My father was a 90s father in the 60s. Way back then, we lived on an Air Force Base. I was the oldest of what would turn out to be nine children. For my entire young life, I lived on air force bases -- in Japan, Okinawa and Tampa. I was extraordinarily lucky to be on one air force base -- MacDill in Tampa -- for much of my young life. Largely because my father, who was just a mechanic, knew a general who kept him from being moved to, oh, Grand Rapids, Michigan, where we were supposed to go when he came back from Viet Nam.
The story of my father continues.
I grew up on MacDill AFB in Tampa. I was born -- as was my sister -- on Turner AFB in Albany, Ga. My brother was born in Japan; my sister in Okinawa. Two brothers and two sisters were born in Tampa. Then, after his retirement, another sister was born in Atlanta.
Here's what I remember:
When I was young, my father was my hero. He would rescue baby birds that had fallen out of their nests, and he taught us to treasure all of God's creatures. I remember him going down to Tampa Bay during an oil spill or red tide, I don't remember which, to rescue a pelican which he brought home and cared for until it was healthy enough to release.
Every afternoon, he would come home and we would eat dinner at 5 pm. Then, he would gather all of us kids in the station wagon and drive us to the beach on MacDill -- a small beach where he would pick up horseshoe crabs and tell us that they were ancient beings and that we should leave them alone.
We would drive home and he would make sure everyone got his/her baths. And then, he would sit in the hall outside our bedrooms, and he would read poetry (Poe, Shakespeare, Kipling) and sing songs (Lindy Lou, Go Tell Aunt Rhodie, On the Road to Mandalay...) until we all went to sleep.
He bought a cheap telescope when he knew that men were going to land on the moon. And he made sure that we were up so we could go out and look through that telescope to see the moon, where, he assured us, men were walking.

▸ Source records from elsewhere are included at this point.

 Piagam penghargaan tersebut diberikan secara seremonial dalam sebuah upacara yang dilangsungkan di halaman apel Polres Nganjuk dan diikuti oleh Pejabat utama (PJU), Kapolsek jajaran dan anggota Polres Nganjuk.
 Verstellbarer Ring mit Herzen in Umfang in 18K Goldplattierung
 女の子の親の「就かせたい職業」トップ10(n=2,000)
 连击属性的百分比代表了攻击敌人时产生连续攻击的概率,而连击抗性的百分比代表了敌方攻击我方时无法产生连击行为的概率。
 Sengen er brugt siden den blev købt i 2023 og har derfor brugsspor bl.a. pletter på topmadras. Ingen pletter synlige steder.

He taught me that the Pleiades were followed by Taurus, which was followed by Orion and then, the Hunter's faithful dog, Sirius. He had no education, just curiosity.

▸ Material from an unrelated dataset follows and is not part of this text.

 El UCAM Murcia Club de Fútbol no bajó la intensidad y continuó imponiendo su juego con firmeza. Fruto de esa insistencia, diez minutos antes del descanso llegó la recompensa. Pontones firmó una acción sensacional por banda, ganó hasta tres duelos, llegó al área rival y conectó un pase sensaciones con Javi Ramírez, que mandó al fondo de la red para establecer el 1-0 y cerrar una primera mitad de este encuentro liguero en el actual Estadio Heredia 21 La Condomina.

Now, he doesn't know who I am. He doesn't know who my sisters are. And most times, he doesn't know who my mother is.
Mostly, at the end of times, my father and I did not agree on politics. But his best friends were always black people (his best friend in the Air Force was a black guy who was killed saving a planeload of white guys, and the couple who basically were his godparents were black and I like to think he would have been good with an Obama presidency.